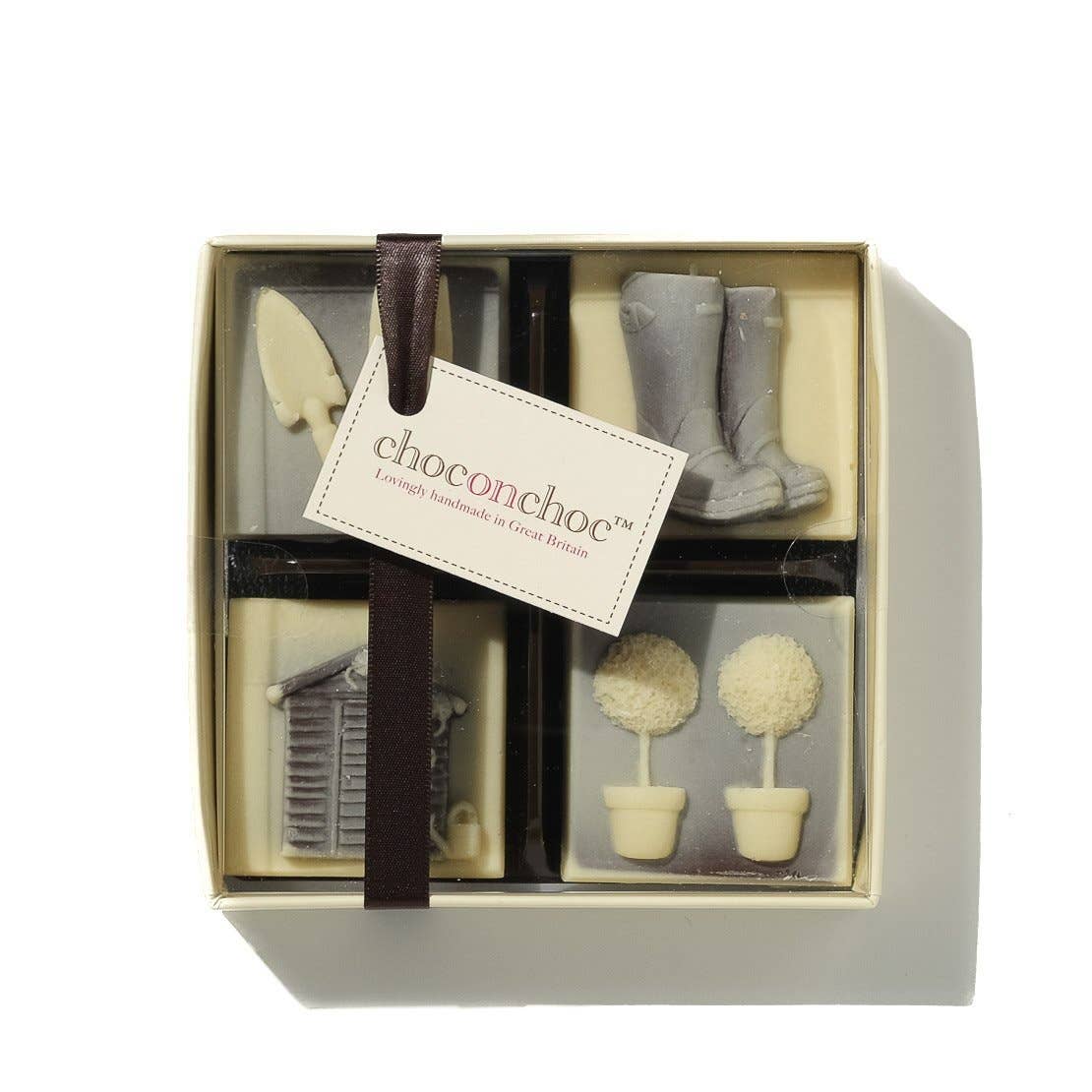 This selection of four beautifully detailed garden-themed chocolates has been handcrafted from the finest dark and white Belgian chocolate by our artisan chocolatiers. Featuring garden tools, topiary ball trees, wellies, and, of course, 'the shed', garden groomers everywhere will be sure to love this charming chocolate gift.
---
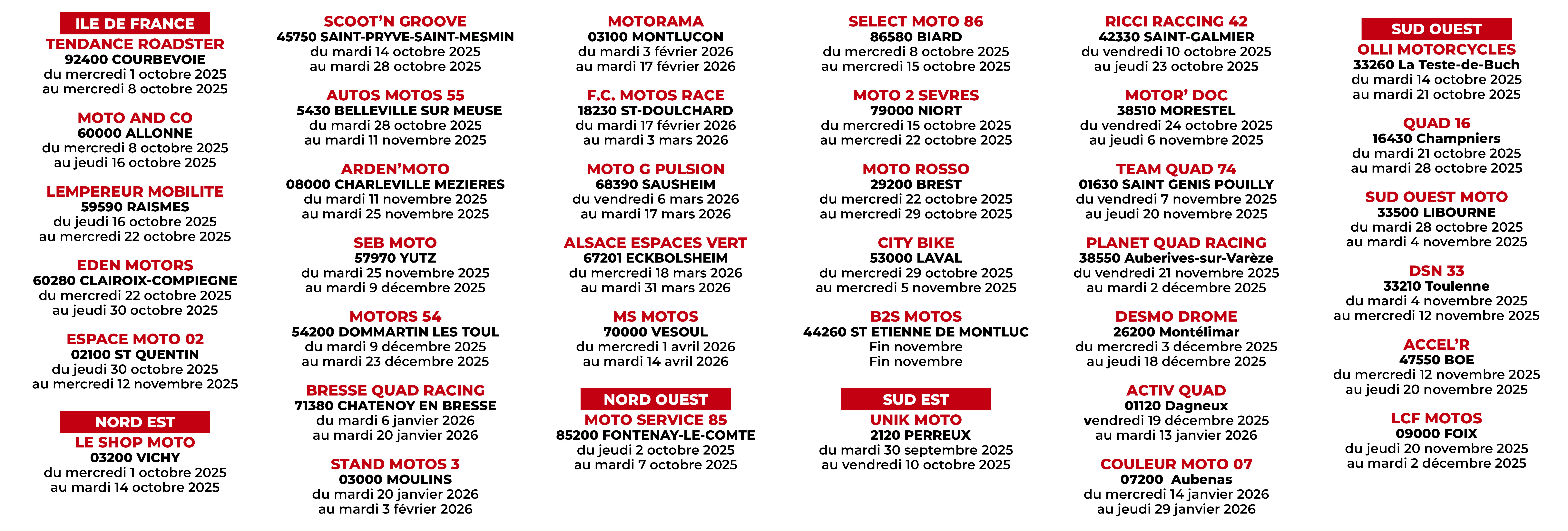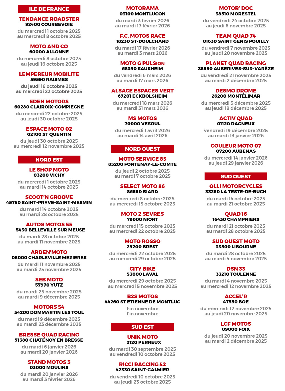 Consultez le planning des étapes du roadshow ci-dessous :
---
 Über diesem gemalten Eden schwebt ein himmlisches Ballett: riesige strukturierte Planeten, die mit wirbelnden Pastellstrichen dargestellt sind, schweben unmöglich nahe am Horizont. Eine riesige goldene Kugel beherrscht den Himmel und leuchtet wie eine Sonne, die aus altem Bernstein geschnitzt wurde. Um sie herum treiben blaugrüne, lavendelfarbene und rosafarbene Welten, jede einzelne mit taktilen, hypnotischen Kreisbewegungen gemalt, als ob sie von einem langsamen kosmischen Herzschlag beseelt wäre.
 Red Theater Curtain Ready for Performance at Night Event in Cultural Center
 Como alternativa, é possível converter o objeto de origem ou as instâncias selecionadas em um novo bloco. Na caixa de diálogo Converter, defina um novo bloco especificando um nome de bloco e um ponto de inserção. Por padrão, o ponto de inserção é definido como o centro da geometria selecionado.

* [EXERCISE AIM]:
Your answer should be the exact lines above from the one with "Red Theater Curtain" through the one with "Como alternativa, é", both included, and nothing besides.

* [EXPECTED ANSWER]:
 Red Theater Curtain Ready for Performance at Night Event in Cultural Center
 Como alternativa, é possível converter o objeto de origem ou as instâncias selecionadas em um novo bloco. Na caixa de diálogo Converter, defina um novo bloco especificando um nome de bloco e um ponto de inserção. Por padrão, o ponto de inserção é definido como o centro da geometria selecionado.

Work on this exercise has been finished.